Collected material section start

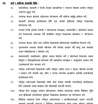 – सार्वजनिक, सहकारी र निजी क्षैत्रको सहभागिता र स्वतन्त्र बिकास मार्फत राष्ट्रिय अर्थतन्त्र सुदृढ गर्ने ब्यवस्था किटान गरिएको छ ।
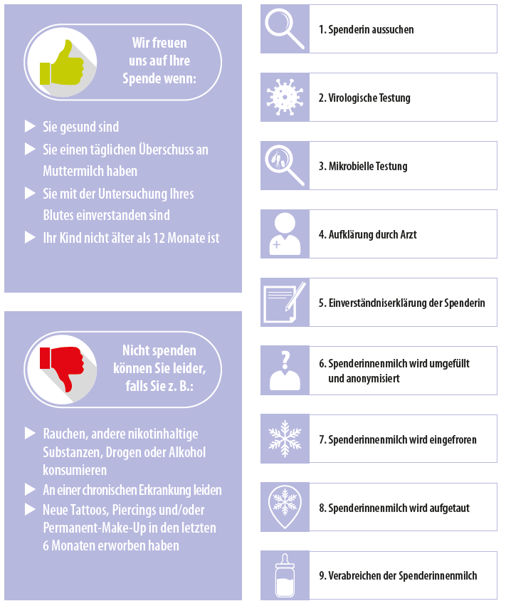 - Die Frauenmilchspende ist freiwillig und kann jederzeit ohne Angaben von Gründen wieder beendet werden
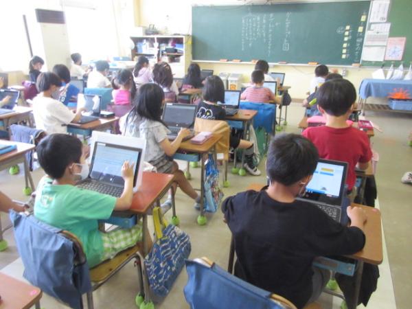 PTA見守り隊の方々に、「チーム東伏見のタブレット」でお手伝いをお願いしました。2年生はタブレットの扱いに慣れ、自分で進んで学習していました。見守り隊の方々も感心していらっしゃいました。

Collected material section end

Problem requirements -
The reply must hold every line above exactly as written and none of the pictures.

Output for this task -
 – सार्वजनिक, सहकारी र निजी क्षैत्रको सहभागिता र स्वतन्त्र बिकास मार्फत राष्ट्रिय अर्थतन्त्र सुदृढ गर्ने ब्यवस्था किटान गरिएको छ ।
 - Die Frauenmilchspende ist freiwillig und kann jederzeit ohne Angaben von Gründen wieder beendet werden
 PTA見守り隊の方々に、「チーム東伏見のタブレット」でお手伝いをお願いしました。2年生はタブレットの扱いに慣れ、自分で進んで学習していました。見守り隊の方々も感心していらっしゃいました。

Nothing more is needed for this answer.